Summary of the invention
The problem that graphene dispersion is uneven, cause performance limited is there is in graphene phenolic-resin preparation in order to solve in above prior art, the invention provides a kind of Graphene to be more evenly distributed in resol, the obtained graphene phenolic-resin matrix material that resin shock strength is high, molding shrinkage is low.
Present invention also offers the preparation method of described graphene phenolic-resin matrix material.
Present invention also offers the application of described graphene phenolic-resin matrix material.
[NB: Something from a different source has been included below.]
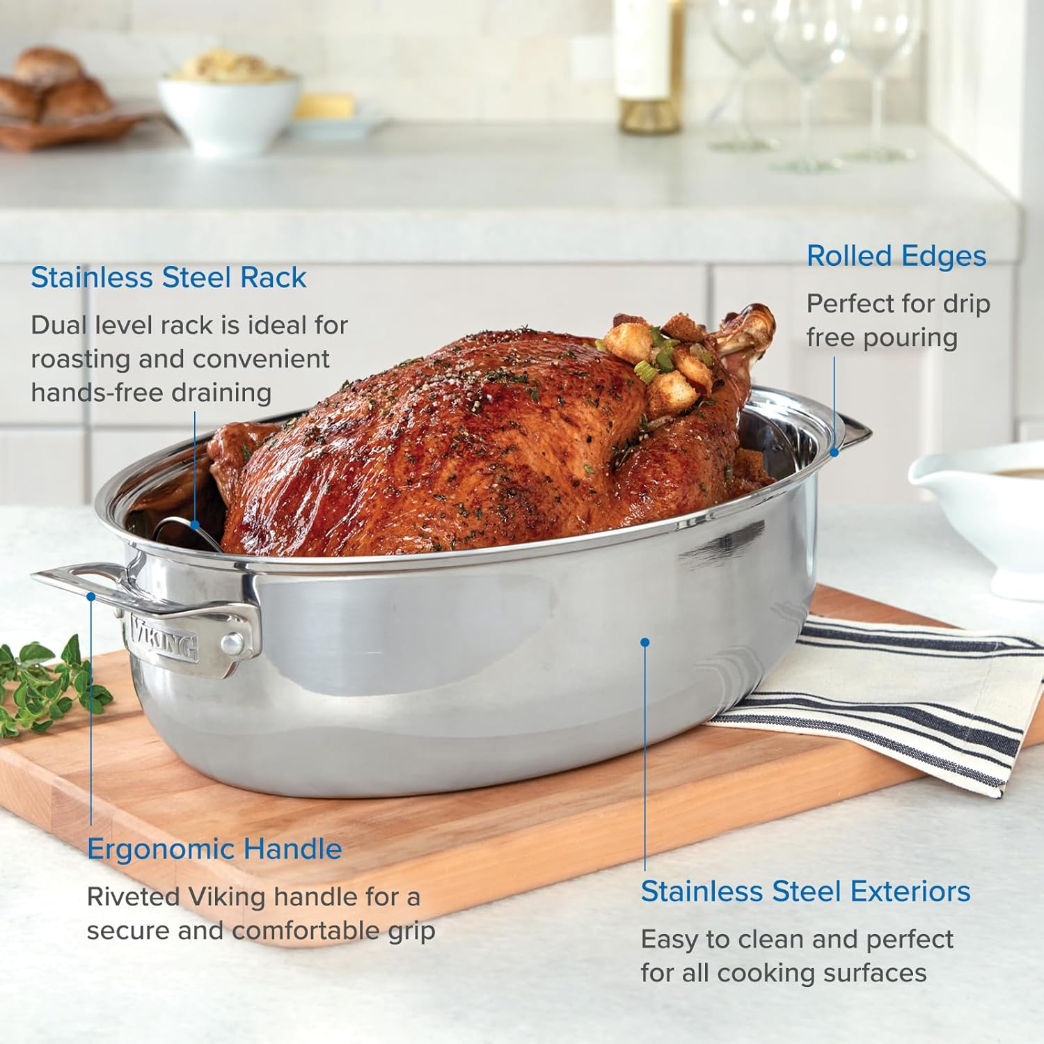 - GREAT GIFT FOR COOKING ENTHUSIASTS: Our stainless steel roasting pans make for excellent gifts for the chef in your life. Viking offers a large assortment of cookware, baking supplies, utensils, and other kitchen accessories. Whether you are looking for cast iron pieces, non stick pans, or high quality cookware, Viking has something for both novice and professional chefs to fall in love with. Our metal roasting pans are backed by a limited lifetime warranty

The present invention is achieved by the following measures:
A kind of graphene phenolic-resin matrix material, is obtained by following steps:
(1) graphene oxide, hydrazine hydrate, tensio-active agent, aldehyde solution are joined in reactor, stir, react at being warming up to 80 ~ 100 DEG C;
(2) reaction solution that step (1) obtains is cooled to 60 ~ 80 DEG C, reconciles pH value to 1.5-4.5, add phenol, be warming up to 85 ~ 100 DEG C of reactions, heat up dehydration, to obtain final product.
Described graphene phenolic-resin matrix material, the weight ratio of preferential oxidation Graphene, hydrazine hydrate, tensio-active agent, aldehyde and phenol is 1-15:1-15:3-20:114-163:600.
Formaldehyde solution mass percentage is 44%.
Described graphene phenolic-resin matrix material, preferred steps reacts 5-10 hour in (1) at 80-100 DEG C.
Described graphene phenolic-resin matrix material, 85-100 DEG C of reaction 2 ~ 6 hours in preferred steps (2).
Described graphene phenolic-resin matrix material, the weight ratio of preferential oxidation Graphene, hydrazine hydrate, tensio-active agent, aldehyde and phenol is 1-10:5:5-20:114-159:600.
More preferably the weight ratio of graphene oxide, hydrazine hydrate, tensio-active agent, aldehyde and phenol is 5-10:5:5:114.4:600,1-5:20:145.2:260.
Described graphene phenolic-resin matrix material, the ratio of preferential oxidation graphene carbon oxygen quantity is 1.8-3.4:1.
Described graphene phenolic-resin matrix material, is not particularly limited for the phenol in the present invention, and preferred phenol is more than one in phenol, cresols, xylenol, nonylphenol, dihydroxyphenyl propane, Bisphenol F, Resorcinol and cardanol.Being not particularly limited for the aldehyde in the present invention, can be one or more in formaldehyde, acetaldehyde, furfural.Tensio-active agent is more than one in aliphatic sulfonic salt and fatty alcohol sulfate class, is preferably more than one in Sodium dodecylbenzene sulfonate, dioctyl succinate disulfonate acid, sodium lauryl sulphate and sodium laurylsulfate.An acidic catalyst comprises organic acid and mineral acid, more than one in example hydrochloric acid, sulfuric acid, phosphoric acid, oxalic acid and tosic acid.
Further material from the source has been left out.